1. 22
  1. 5

    Minor nit, but:

    Similarly, many projects have forgone virtual methods (RTTI in C++ parlance)

    That’s not what RTTI is. RTTI is the type_info structures that the compiler emits for every class. These have a bad reputation because the language spec requires it to have a name() method that returns an implementation-defined unique name for the type. This must be returned as a C string, so you can’t easily merge substrings. The only convenient unique name for a type is normally the mangled name, which is long. As a result, enabling RTTI often leads to a 20% binary size increase, sometimes more.

    In exchange for this, you get two language features:

    • dynamic_cast
    • Exceptions.

    Exceptions don’t actually need full RTTI support, they just need any type used in a throw or catch expression to have RTTI, which is a lot smaller. Full RTTI is used only for dynamic_cast. This, in turn, has terrible reputation because it’s completely generic. It allows casting from one branch to another in a diamond-inheritance graph, even when you don’t know the type of the source pointer. You can dynamic_cast from a void* that contains an adjusted pointer for one of your diamond-inheritance parents to an adjusted pointer for another one. Because this is generic, it’s also incredibly slow.
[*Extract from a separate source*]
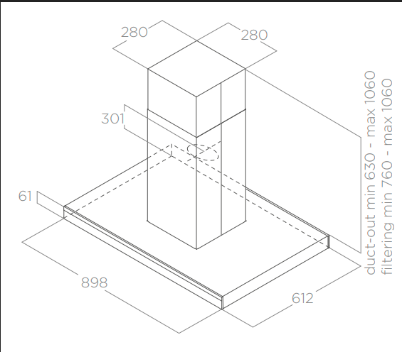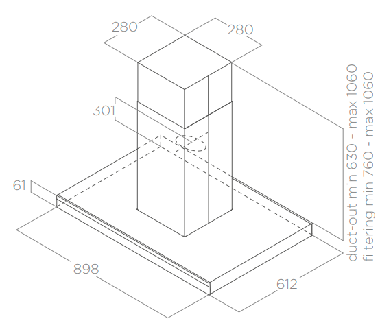 Odsavač par (digestoř) je opatřen osvětlením STRIP LED s výkonem 2x7W a teplotou 3000K.

If you just want to be able to safely down-cast, you can get much better performance by doing this as a single virtual call.
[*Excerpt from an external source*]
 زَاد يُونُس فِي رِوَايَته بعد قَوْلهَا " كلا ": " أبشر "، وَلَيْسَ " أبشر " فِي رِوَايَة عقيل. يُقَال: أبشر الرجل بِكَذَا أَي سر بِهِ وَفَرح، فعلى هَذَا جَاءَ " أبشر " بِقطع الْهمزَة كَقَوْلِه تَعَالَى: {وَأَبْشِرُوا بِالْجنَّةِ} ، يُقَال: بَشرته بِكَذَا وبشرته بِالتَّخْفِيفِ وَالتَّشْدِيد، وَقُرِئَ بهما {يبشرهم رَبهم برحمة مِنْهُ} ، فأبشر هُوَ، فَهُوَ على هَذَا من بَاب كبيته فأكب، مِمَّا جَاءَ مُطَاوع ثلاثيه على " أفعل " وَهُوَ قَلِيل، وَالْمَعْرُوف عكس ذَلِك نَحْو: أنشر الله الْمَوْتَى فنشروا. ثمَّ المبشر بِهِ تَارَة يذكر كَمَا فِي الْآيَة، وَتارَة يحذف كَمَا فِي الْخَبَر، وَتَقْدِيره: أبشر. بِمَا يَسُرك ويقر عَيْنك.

    Aside from that, it’s a great article. The punchline is Paolo Bonzini’s optimisation philosophy: a 1% speedup becomes a 10% speedup after you’ve got rid of the other bottleneck.

    1. 2

      Many of us have wasted a ton of time implementing userspace multitasking and asynchronous I/O, because surely those system threads must suck, only to find that the kernel knows a hell of a lot more about CPUs and I/O than we do. Our case just wasn’t special enough.

      If only kernels exposed more of what they knew about CPU/IO to userspace in an efficient manner.. It’s always great to see more of this though (Windows KUSER_SHARED_DATA, darwin COMMPAGEs, io_uring TASKRUN/POLL_FIRST/etc.)

      1. 2

        Nice article. BTW, on MacOS it’s very easy to do call-stack-based profiling at the drop of a hat. Either type sample processname 2 in a terminal, or select the process in Activity Monitor and use the Sample command. (The latter turns the output into an outline view, making it easier to explore.) This is handy when a program gets super slow or hangs.